Reflections on John 6:16-21
In the verses prior to our reading, John tells us that the crowd had started following Jesus because of the signs he was doing for the sick. Then, following Jesus’ feeding of the five thousand, they become convinced that he was a prophet in the tradition of Moses – a prophet/leader who was able to communicate directly with God and, therefore, whose commands need only to be obeyed and they would be restored to the land of promise. A land of peace. A land of plenty.
John tells us that this hope, framed within the crowds existing worldview, grew quickly into a vison of Jesus as a saviour king who would free them from the Roman invaders and restore them to the land. God’s kingdom on earth…, or so the common understanding of the day would have it.

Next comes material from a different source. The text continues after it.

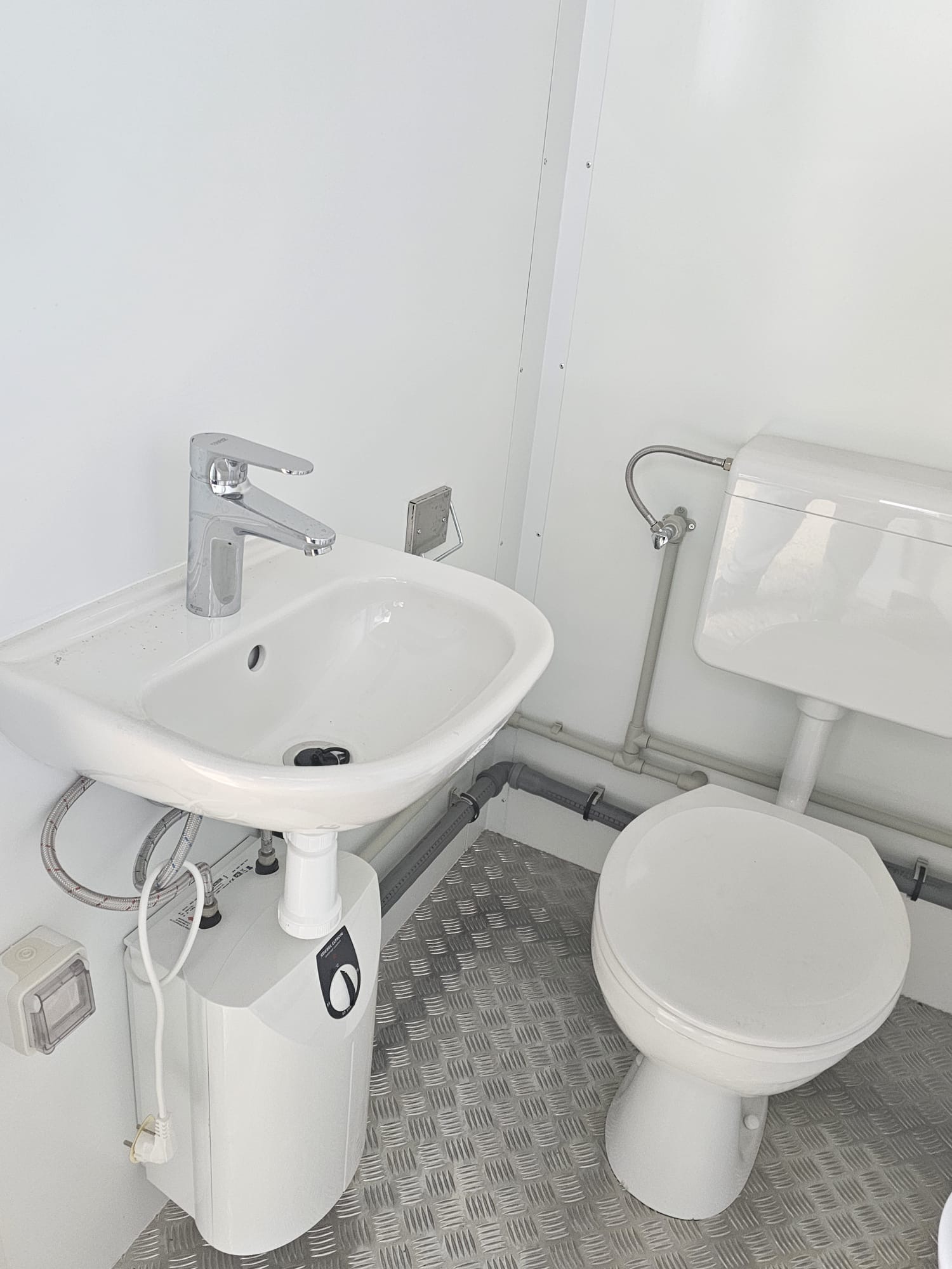 Optionally, clean water and wastewater tanks can be supplied with the module to turn it into a standalone solution. Only a standard 230V electrical connection is needed to operate the lights and heating.

This faith-view framed Jesus as a certain kind of teacher and a certain type of leader – giving rise to a particular hope and particular expectations. But when these failed to materialize, Jesus, it was concluded, wasn’t worth following after all and many of the crowd, we find out later, simply turned round and left.
For the twelve disciples, however, their experience on the lake framed Jesus altogether differently. The disciples experienced Jesus not as one like Moses, but as the ‘I Am’ whom Moses encountered in the burning bush – The One who is immanent in all and transcendent over all. A point John doubles down on by narrating Jesus’ dominion over the elements and his power to drive out fear.
This embodied encounter frames Jesus in such a way that when the twelve are later asked, ‘why do you not leave me’. They replied, ‘Lord, to whom can we go? You have the words of eternal life’. The disciples experience had framed Jesus as ‘life eternal’. Life in all its potential. Life in all its actuality. Life in all its fullness. There was, therefore, nowhere else for the disciples to go.
That the disciples in their day, and we in ours, encounter The One who is immanent in all and transcendent over all as The One who simultaneously breathes words of comfort – I Am: do not be afraid – is the source of all peace and all joy. Now and for evermore. Amen.